Comment: The ruling granting appellee EFF standing will be welcomed not only by public interest organizations but also by investors in competitive companies whose investments might appreciate if a blocking patent is invalidated. The most recent Circuit decision went against such organizations. Specifically, in Phigenix v. ImmunoGen, 845 F. 3d 1168 (Fed. Cir. 2017), the Circuit rejected the argument of a research and licensing organization that the estoppel provision in 35 U.S.C. § 315(e)(1) provides sufficient injury to support appellant standing.
Amgen Inc. v. Hospira, Inc., Fed. Cir. Case 2016-2179 (August 10, 2017)
The Circuit dismisses an appeal for lack of jurisdiction and denies a writ of mandamus as to the denial of a motion to compel discovery in a patent infringement action governed by the Biologics Price Competition and Innovation Act (BPCIA). Amgen attempted to obtain more information from Pfizer’s Hospira unit about its proposed biosimilar of the anemia drug Epogen®, but the Circuit determines that Amgen is not entitled to uncover the information in this fashion.

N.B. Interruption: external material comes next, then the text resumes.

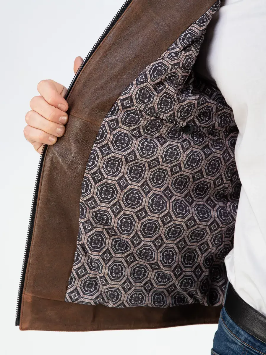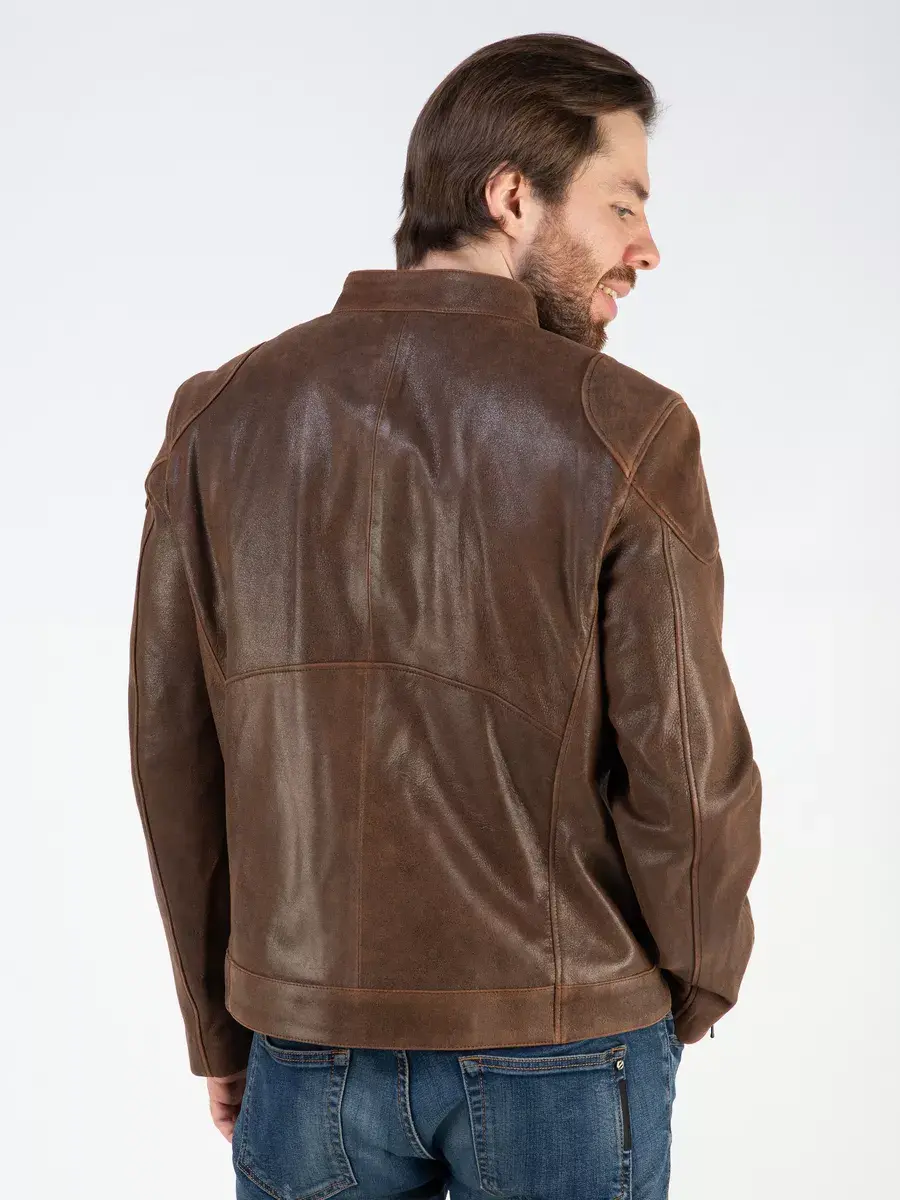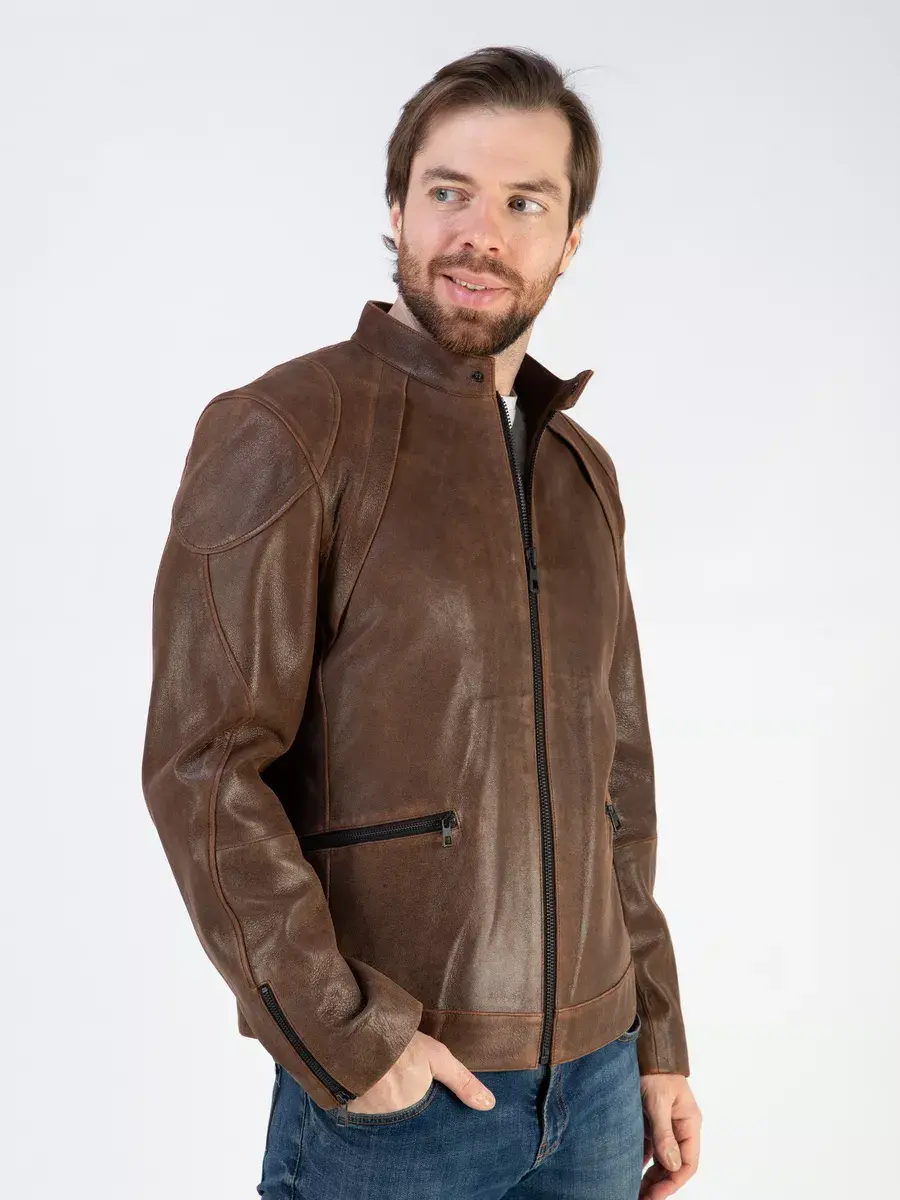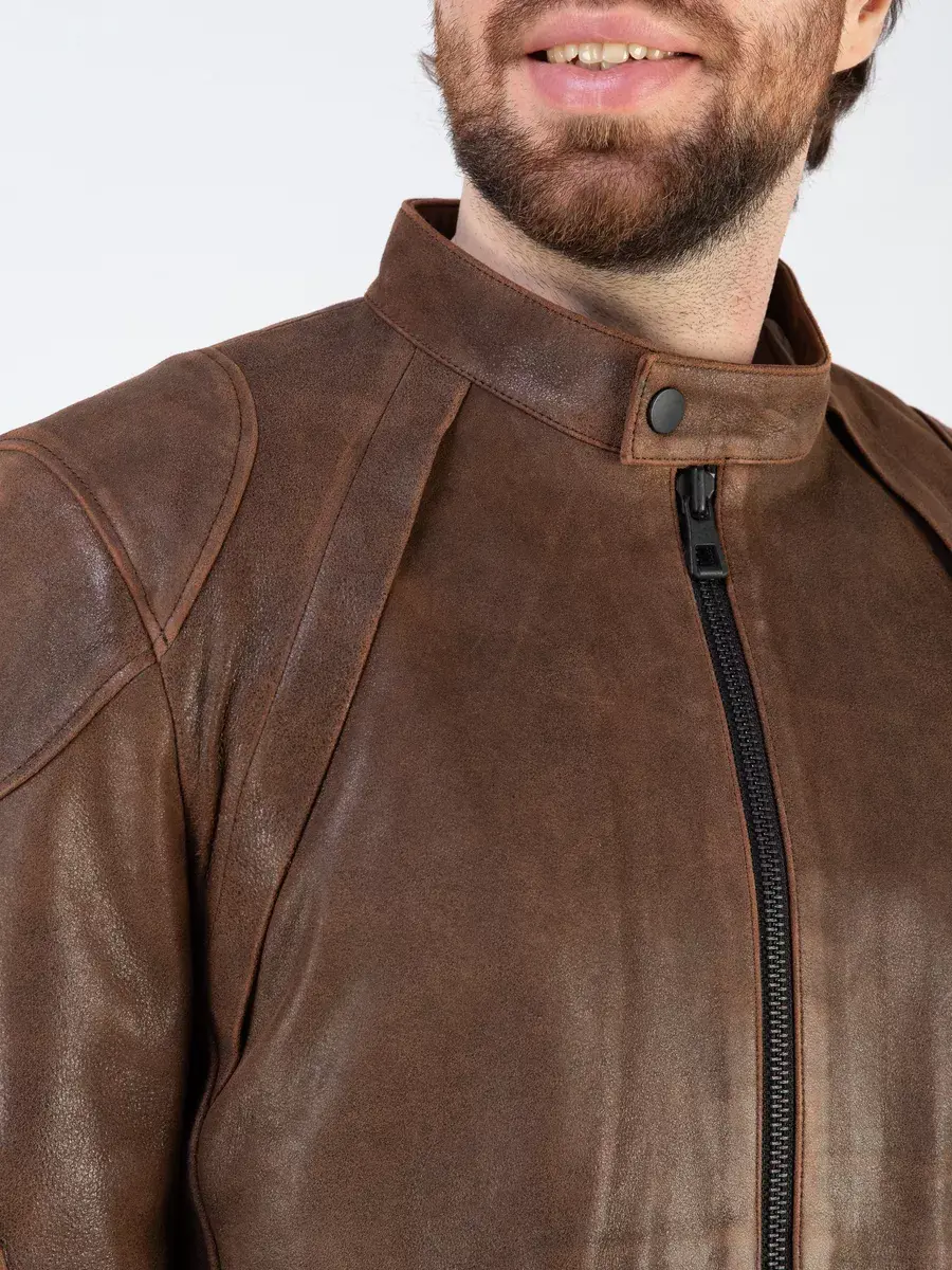 Мужская куртка спортивная кожаная изготовлена из высококачественной натуральной кожи ягненка выделки нуплин, то же, что и крэк, но поверхность менее шероховатая (с винтаж-эффектом) - с эффектом старения и потертости. Кожа со специальной обработкой, благодаря которой изделие выглядит состаренным.

The panel first addresses whether it has jurisdiction over this appeal. Ordinarily, an appeal must be from a final judgment that ends the litigation on the merits and leaves nothing for the court to do but execute the judgment. The collateral order doctrine provides a narrow exception to this general rule. To come within the small class of decisions excepted from the final-judgment rule by the collateral order doctrine, the order must conclusively determine the disputed question, resolve an important issue completely separate from the merits of the action, and be effectively unreviewable on appeal from a final judgment.
Here, it appears that the district court’s discovery order may satisfy the first two conditions of being an appealable collateral order. The issue is whether the district court’s order is “effectively unreviewable” on appeal from a final judgment. The panel notes that Congress has not provided interlocutory review, but that simply means that immediate appeal is not available. However, the lack of immediate appeal does not render such orders “effectively unreviewable” or distinguish them from run-of-the-mill discovery disputes. The Circuit therefore lacks jurisdiction over Amgen’s appeal under the collateral order doctrine.
Amgen has also pursued a writ of mandamus. According to the panel, mandamus is a drastic remedy reserved for the most extraordinary causes. A party seeking mandamus must have no other adequate means to attain the desired relief and must demonstrate that its right to the writ’s issuance is clear and indisputable. Amgen is seeking information to determine if certain of its patents were infringed, arguing that it risked sanctions by filing suit without such information. The panel rules that there were other ways for Amgen to get the information, such as by putting Hospira on notice of the infringement, and thereby acquire information from Hospira as to any bases of noninfringement. The panel thus rules that Amgen has not established a clear and indisputable right to discovery of the information it seeks.